She was an overt round-the-clock self-conscious person. But it wasn't the way she presented herself that guided her thoughtful actions. It was, questionably her own, self-imposed stigma against the kind of people who partook in this now dated past time. She regarded it as a past time because, from where she sat, she couldn’t find a meaningful purpose, with what she regarded it as, an idle use of her time. Time was of the essence and the thought of it had consumed her. No more idling. It was of great concern to her what she did during her passing moment, for she wished them to no longer pass her by. To compliment this contemplation she also became concerned with why she doing what she was doing. The irony, that she was all too aware of, yet still dismissive, was how much time she had spent thinking about what she could and should be doing with her time. She was 24 years old, and like everyone else, she had nothing to show for it.

Gene was conscientious which made her spiteful towards being average. She didn’t mind finding herself in an average setting. In fact, she found an ability towards immersing herself in average surroundings. It was the idea of her, herself, embodying average. It was the crushing wave through which anxiety continually flowed through her.

She had come to accept her situation. The overall environment she was subject to was inevitable and she had no control over them, no matter how much she wished she did. What impact does one drop have on the course of a storm? She asked, as if to remind, herself constantly but left it at that, unwilling and perhaps unable to answer such a question. Alas, she found herself wishing to be the wind that could change a storm. But to be such a thing would require a fundamental change that was impossible. Fitting comfortably, into the storm, as any resistless raindrop would do, bothered her. It bothered her some much that she became afraid. Through this fear, she found motivation for her newfound course of action. This state of being, was the uncomfortable position Gene was trying to relieve herself from. Success would be the only real relief.
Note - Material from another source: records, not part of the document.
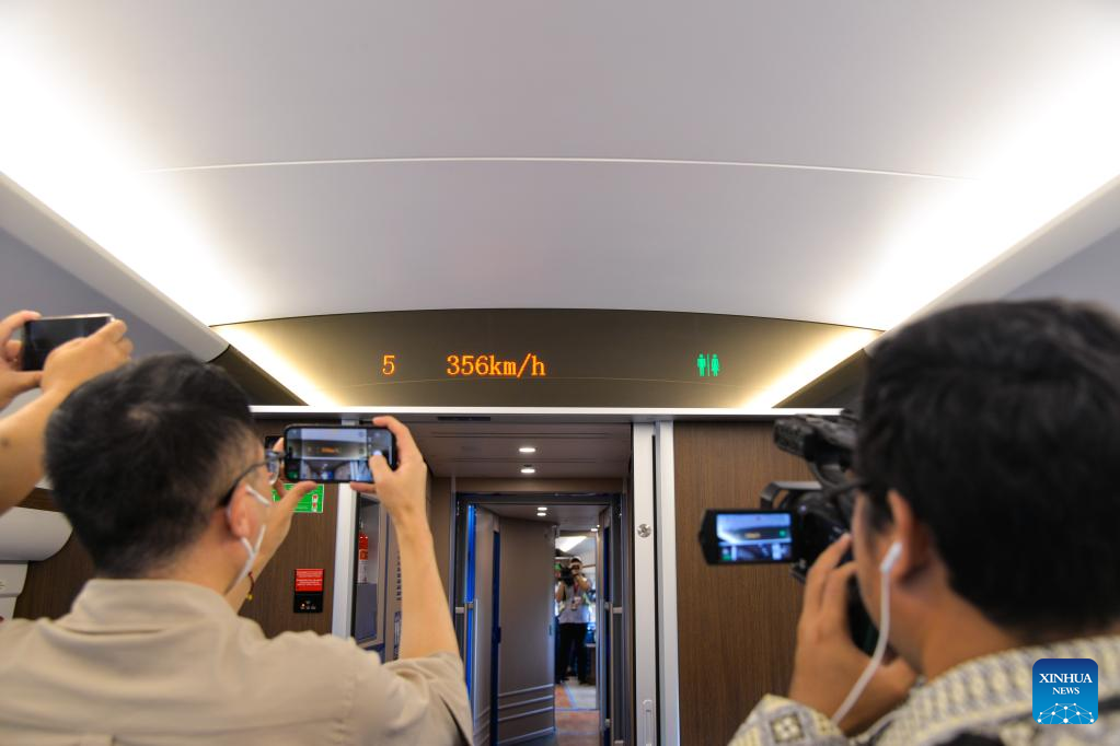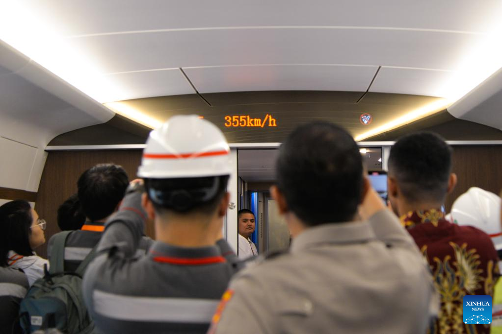 JAKARTA, June 22 (Xinhua) -- The comprehensive inspection train (CIT) of Jakarta-Bandung High-Speed Railway (HSR) reached 350 km per hour, the design speed, for the first time on Thursday during the joint commissioning and testing phase.
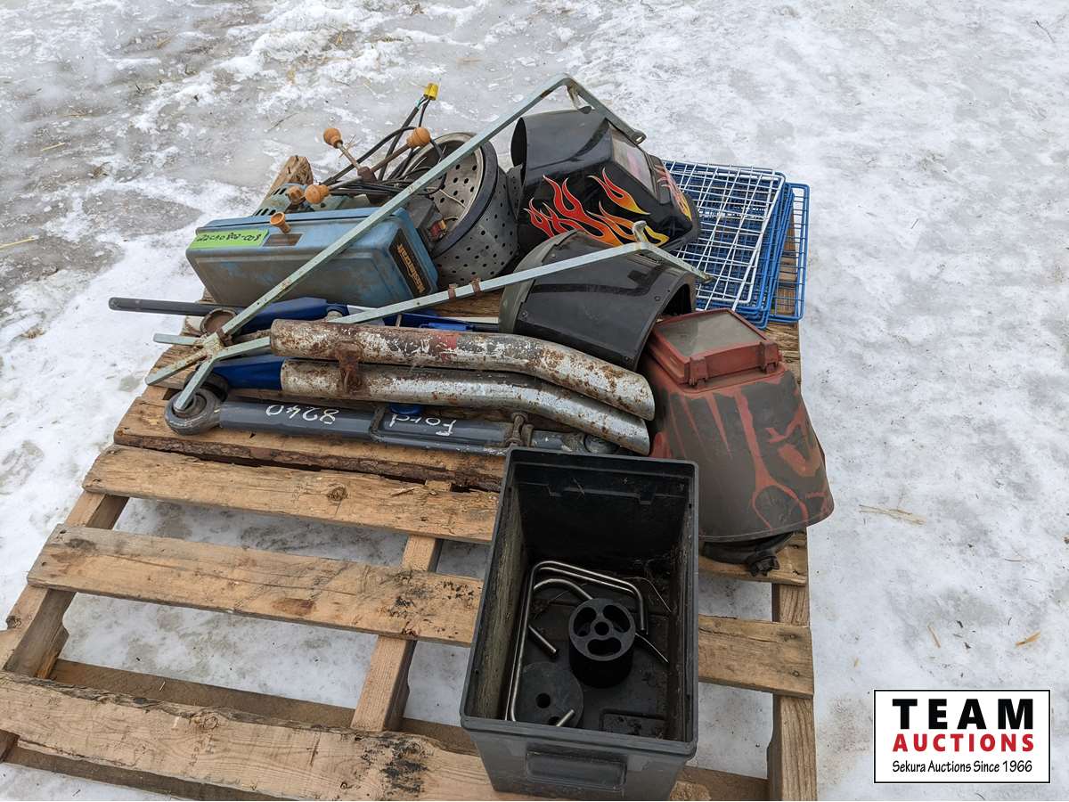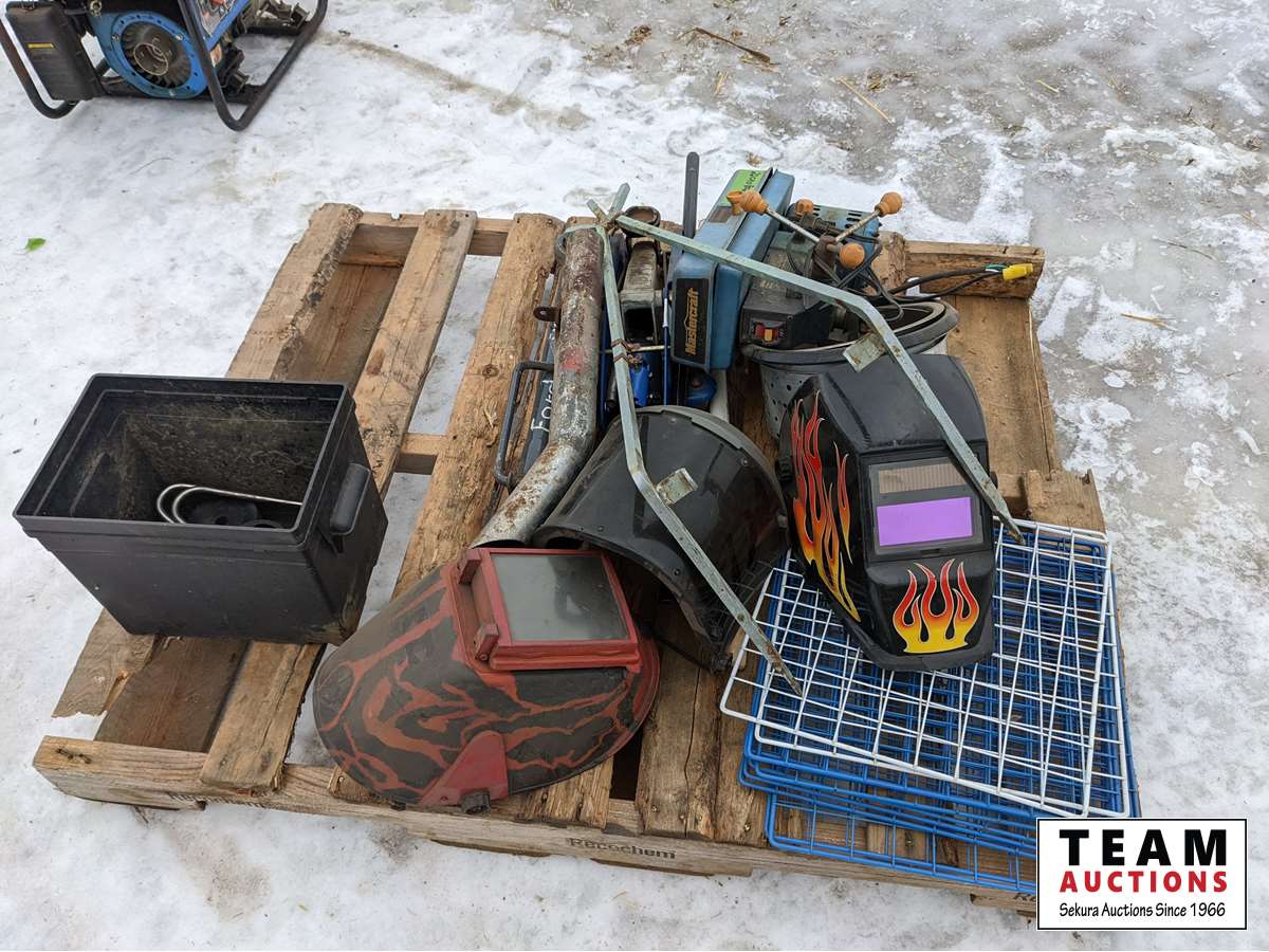 71 Welding Helmets, Face Shield, Battery Box, Floor Jack, & Other Miscellaneous Items
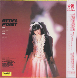 ALL PRODUCED BY キャ→ RECORDED at MAGNET STUDIO,MARCH'86 ENGINEER:EIJI MAKINO MASANORI CHINZEI ART DIRECTION:KENTARO HONZAWA (BEE FACTORY CO.,LTD) PHOTOGRAPH:SHINOBU KAYABA ILLUSTRATION:MICHIKO HIRAKAWA MANUFACTURED AND DISTRIBUTED BY SPANKIDS RECORD
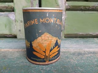 Ancienne Boite Publicitaire Farine Mont-Blanc Compagnie Générale du Lait Rumilly (Hte Savoie) Hauteur 12cm, diamètre 9cm. Bon état.

She had all the knowledge necessary to readjust herself into a comfortable luxury, but that was not what she wanted. What she wanted was more abstract, making her future even more uncertain, than even a relatively straightforward path in life would be. A tickling thought then dawned on her causing her to unconsciously scratch her head as she realized how imitative everyone, including herself, had been. How wrong they all were. How wrong she was.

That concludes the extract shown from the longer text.